The form of NAG popularized for training neural networks rewrites the update so that the gradient is computed at the current parameters while still capturing the lookahead correction, which fits the structure of stochastic gradient frameworks. In the stochastic setting the clean $O(1/k^2)$ theory does not transfer directly, since gradient noise dominates the deterministic acceleration, yet the Nesterov variant of momentum remains a robust default and is the basis of widely used optimizers. The lookahead idea also reappears in modern wrappers that periodically synchronize a fast inner optimizer with a slow set of weights.

198.6.3 6.3 Choosing parameters

In the deterministic smooth convex case the step size $1/L$ and the prescribed momentum schedule require no tuning beyond an estimate of $L$, which can be found by backtracking line search. In the strongly convex case the optimal $\beta$ depends on $\kappa$, which is rarely known exactly; restarting or a conservative constant momentum near $0.9$ are common substitutes.

198.7 7. Implementation

The companion library ships a from-scratch, gradient-oracle based implementation in all three languages, exercised by a single shared parity fixture. The test objective is the strictly convex quadratic

\[ f(x) = \tfrac{1}{2} x^\top A x - b^\top x, \qquad A = \begin{bmatrix} 5 & 1 \\ 1 & 3 \end{bmatrix}, \quad b = \begin{bmatrix} 1 \\ 2 \end{bmatrix}, \]

with gradient $\nabla f(x) = A x - b$ and unique minimizer $x^\star = A^{-1} b = [\tfrac{1}{14}, \tfrac{9}{14}]$. Its largest eigenvalue is $L = \lambda_{\max}(A) \approx 5.414$, so the step size $\eta = 1/6 < 1/L$ is admissible; the strongly convex form uses the round momentum $\beta = 1/2$. Both constants are clean rationals, so all three languages reproduce bit-for-bit identical iterates. nesterov_convex implements the two-sequence schedule of Section 4.3 and nesterov_momentum implements the velocity form of Section 4.1.

Code

import numpy as np
from aiinaction.ch193_nesterov import nesterov_convex, nesterov_momentum

A = np.array([[5.0, 1.0], [1.0, 3.0]])
b = np.array([1.0, 2.0])
grad = lambda x: A @ x - b           # gradient oracle for f(x) = 0.5 xᵀAx - bᵀx

L = np.linalg.eigvalsh(A).max()      # smoothness constant
res = nesterov_convex(grad, [0.0, 0.0], step_size=1.0 / L, tol=1e-10)
print(f"two-sequence  x = {np.round(res.x, 6)}  iters = {res.n_iter}")

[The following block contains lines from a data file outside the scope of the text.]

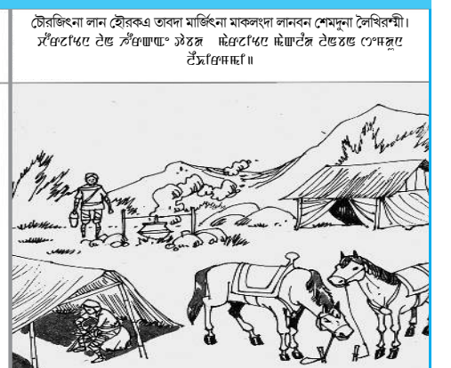
চৌৱজিংনা লান হৌৱকখি তবনা মাৰ্জিনা মাৰ্জিনা লাননা সেন্দুনা লৈৱিৰশী।
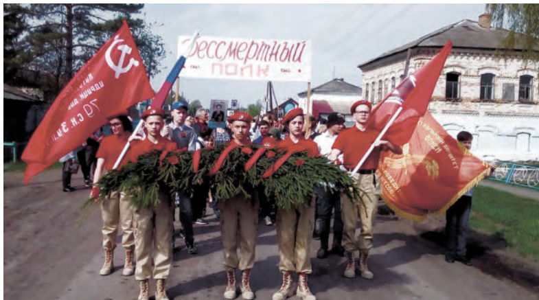
Юнармейцы участвуют во всех мероприятиях, посвященных памятным датам и государственным праздникам.

Впервые клятву юнармейцев киргинские ребята произнесли в феврале 2019 года. Тогда « быть верным своему Отечеству и юнармейскому братству » поклялись девять мальчишек и девчонок - учеников 5-10 классов. Сегодня состав отряда обновился почти на треть: часть ребят окончили школу и выпустились из клуба, поэтому в ряды юнармейцев влились новобранцы.
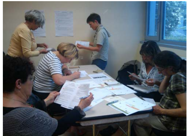
Groupe 1 travaillant sur l'axe 3 : Des services de qualité pour un bassin de vie attractif et solidaire attractif et solidaire
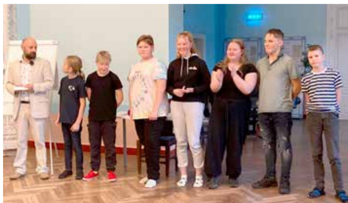
Enim hääli saanud õpilasesinduse liikmed.
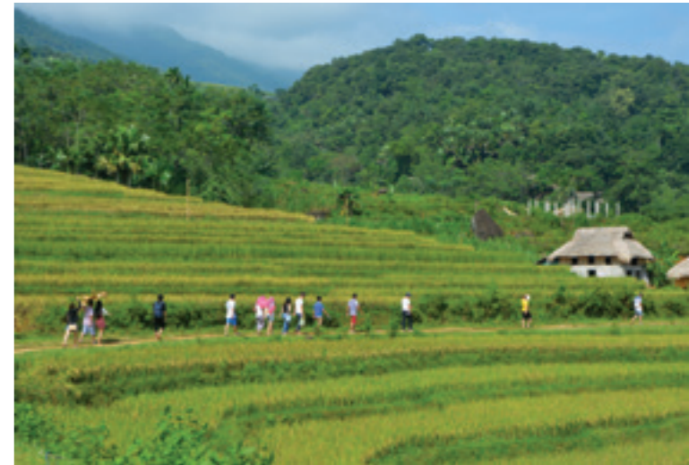
Ruộng bậc thang ở Pù Luông
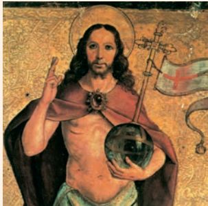
El Salvador. Pintura sobre taula, atribuïda a Pedro Berruguete. Museu Diocesà de Palència

»¿O qué rey, si va a dar la batalla a otro rey, no se sienta primero a deliberar si con diez mil hombres podrá salir al paso del que le ataca con veinte mil? Y si no, cuando el otro está todavía lejos, envía legados para pedir condiciones de paz. Lo mismo vosotros: el que no renuncia a todos sus bienes no puede ser discípulo mío.»
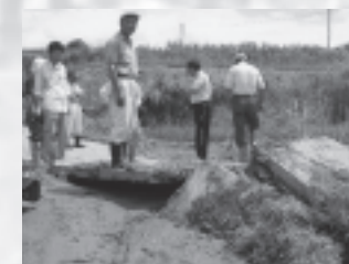
道路の崩壊（飯綱町）
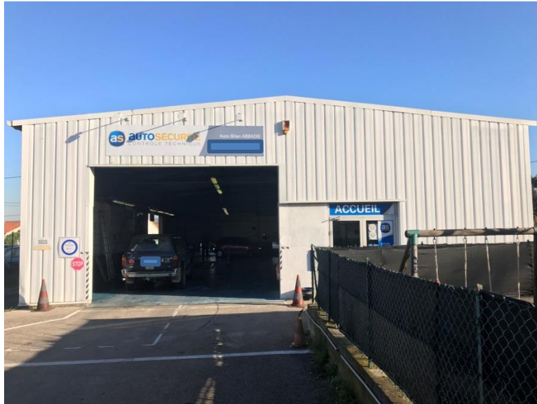
- Centre de contrôle technique automobile de Saint-Victoret -

Situation du TP : 2 nd semestre de 1 ère année BTS AMCR formatif ou sommatif. Durée : 2 fois 4h. Séance 1 (4h) : Lecture sujet 30 min Q1 à Q4 réalisation de 2 plats, 4 goussets et assemblage 1h30 Q5 1h pour les deux essais Q6 à Q7 1h calcul valeur moyenne et recherche des vérifications sur EC3 Séance 2 (4h) : Q8 à Q14 2h30 manipulations sur Excel pour trouver une solution Q15 à Q18 1h30 réalisation d'1 plat, 2 goussets, assemblage et essai
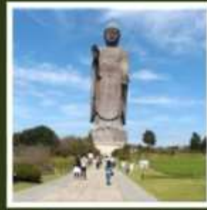
พระพุทธรูปอชิคุโตบุทสึ
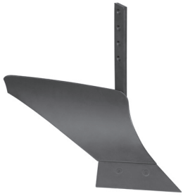
ПЛУГ РАСПАШНОЙ ДЛЯ HUSQVARNA TF 230 588 26 67-01
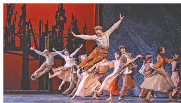
图为舞剧《热血当歌》剧照。

新中国成立75周年之际,中共中央宣传部、文化和旅游部、中国文学艺术界联合会于7月至10月在北京举办“与时代同行 与人民同心”——新时代优秀舞台艺术作品展演活动,从新时代以来全国创作生产或复排的优秀舞台艺术作品中遴选40部进京演出。舞剧《热血当歌》是湖南省唯一一部参演作品。

mu = np.linalg.eigvalsh(A).min()
kappa = L / mu
beta = (np.sqrt(kappa) - 1) / (np.sqrt(kappa) + 1)
res_m = nesterov_momentum(grad, [0.0, 0.0], step_size=1.0 / L, momentum=beta, tol=1e-10)
print(f"momentum form x = {np.round(res_m.x, 6)}  iters = {res_m.n_iter}")
print(f"exact minimizer x* = {np.round(np.linalg.solve(A, b), 6)}")

two-sequence  x = [0.071429 0.642857]  iters = 54
momentum form x = [0.071429 0.642857]  iters = 23
exact minimizer x* = [0.071429 0.642857]

using AIInAction.Ch193Nesterov
using LinearAlgebra

A = [5.0 1.0; 1.0 3.0]
b = [1.0, 2.0]
grad(x) = A * x .- b

L = maximum(eigvals(A))
res = nesterov_convex(grad, [0.0, 0.0], 1.0 / L; tol=1e-10)
println("two-sequence  x = ", round.(res.x, digits=6), "  iters = ", res.n_iter)

mu = minimum(eigvals(A))
beta = (sqrt(L / mu) - 1) / (sqrt(L / mu) + 1)
res_m = nesterov_momentum(grad, [0.0, 0.0], 1.0 / L, beta; tol=1e-10)
println("momentum form x = ", round.(res_m.x, digits=6), "  iters = ", res_m.n_iter)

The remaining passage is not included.